Last year I started feeling very short of breath, and none of my breathing exercises and therapy experience seemed to help. The shortness of breath got worse and worse. But my doctor kept telling me it was a virus and I just had to rest to get over it.
When I woke up one morning almost unable to breathe and being in severe pain I called my job crying that I wouldn’t be able to come and I called my doctor straight after. Still he said it was a virus. I should just not work for a week and take more rest.
After two more weeks of this I demanded to go to the lung doctor in the hospital. He reluctantly gave me the information, but reminded me that he thought the doctor would not be able to find anything.
About two months later I was diagnosed with asthma. I had been having a severe asthma attack for about a month. And I needed loads of medication to help me breathe.
Needless to say. I now have a different doctor.
Asthma. Dear lord, this seemed the answer to everything. My hyperventilation was never caused by stress and emotional issues, it had been asthma all along!
For a while it felt like I was on top of the world, I would be cured of my hyperventilation, and that would mean I would eventually be able to have a fully normal life again. It was this tiny glimpse of hope that I clung unto for dear life.
My breathing improved, I finally felt like I could breathe fully again, and I was able to go back to work. Everything seemed to be going well.
But my breathing never became normal, my hyperventilation never left me. And I was feeling dead tired and sick more and more.

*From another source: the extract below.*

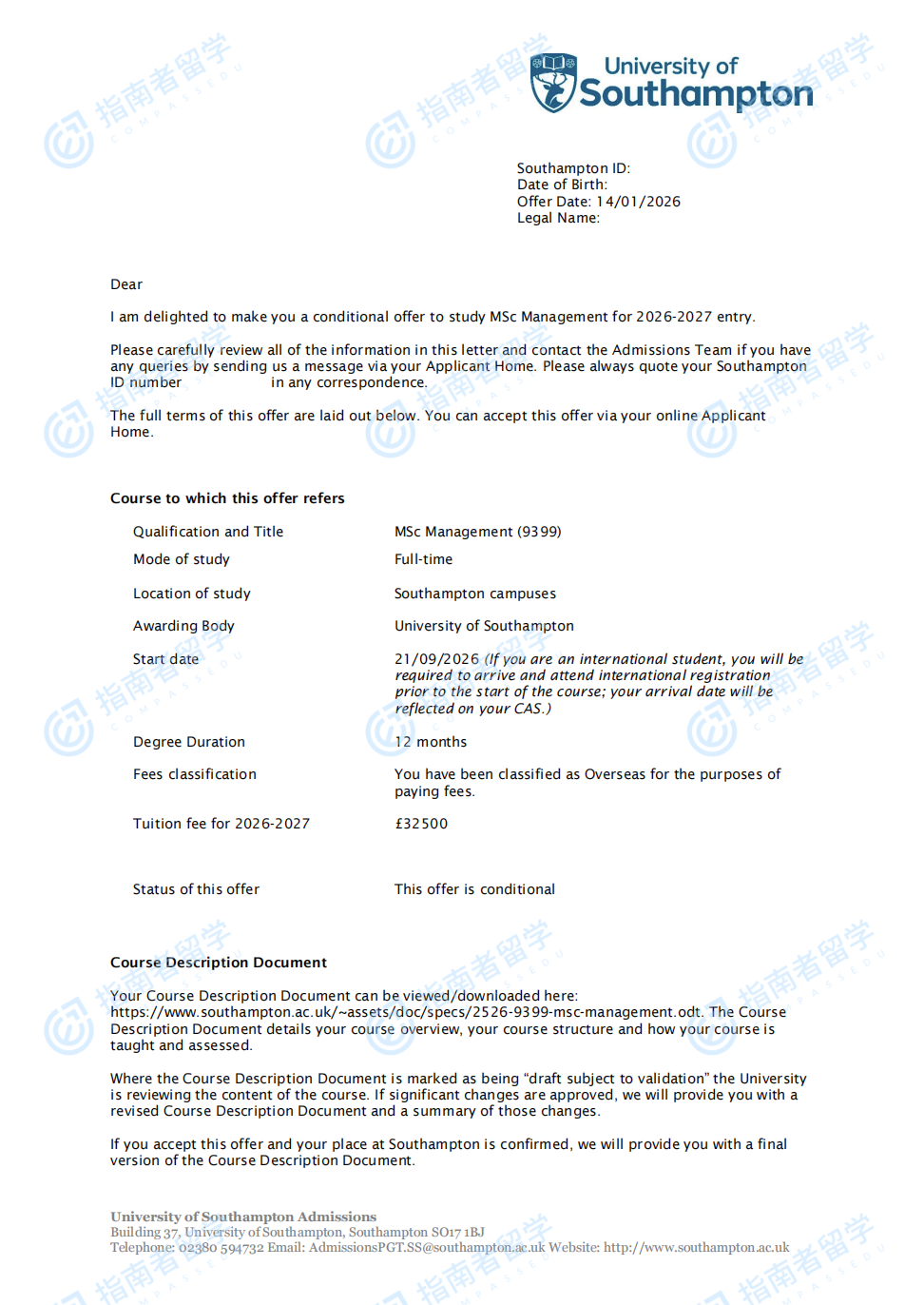 南安普頓大學(xué)管理學(xué)理學(xué)碩士研究生offer一枚
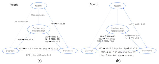 Figure 7a (youth) and b (adults) illustrates our findings regarding associations between variables for both groups. Associations are not directional, arrows in the legends indicate in which direction the odds ratios play, e.g., in the youth group, there is an association between disorder and previous psychiatric hospitalization, namely, BPD was found associated with an OR of 3.7 with previous psychiatric hospitalization, i.e., we observed in our study that youth with BPD had 3.7 more chance to have had previous psychiatric hospitalization.

In September, after the school holidays, I started working my normal hours again. In the middle of October I stopped working again. I was too sick. I was too tired. I was too out of touch with myself and my body to think. I was empty.
And I’ve been feeling more or less the same since then.
I’m back at work three mornings each week. I’m getting therapy to help cope with this third setback, and to finally accept the fact that I have a chronic illness. I’m getting surgery to help me breathe. I’m listening to my body rather than my mind. I’m doing everything I can do find the limits to my body, while still taking enough time to recover from it. I’m climbing back out of this shithole.
I have absolutely no idea what my future will look like. My job as a teacher is very stressful and tiring, not the best job to combine with CFS. But I can’t imagine doing anything else. I’m getting help to figure things out, from my job, from my doctor, from my friends and family. I’ve never felt more accepted and more myself than I do right now.
Being sick all the time sucks immensely, but I can’t change that. The only thing I can change is how I deal with it. And I think I’m dealing with it pretty well during this third, and hopefully final, big setback.
In between, and even during, the periods I’ve talked about above. I’ve always lived my life to the fullest, and enjoyed every moment of it. And I continue to do that each and every day.
I’m Annika, this was my story, and I’ll get my happy ending to it one day soon.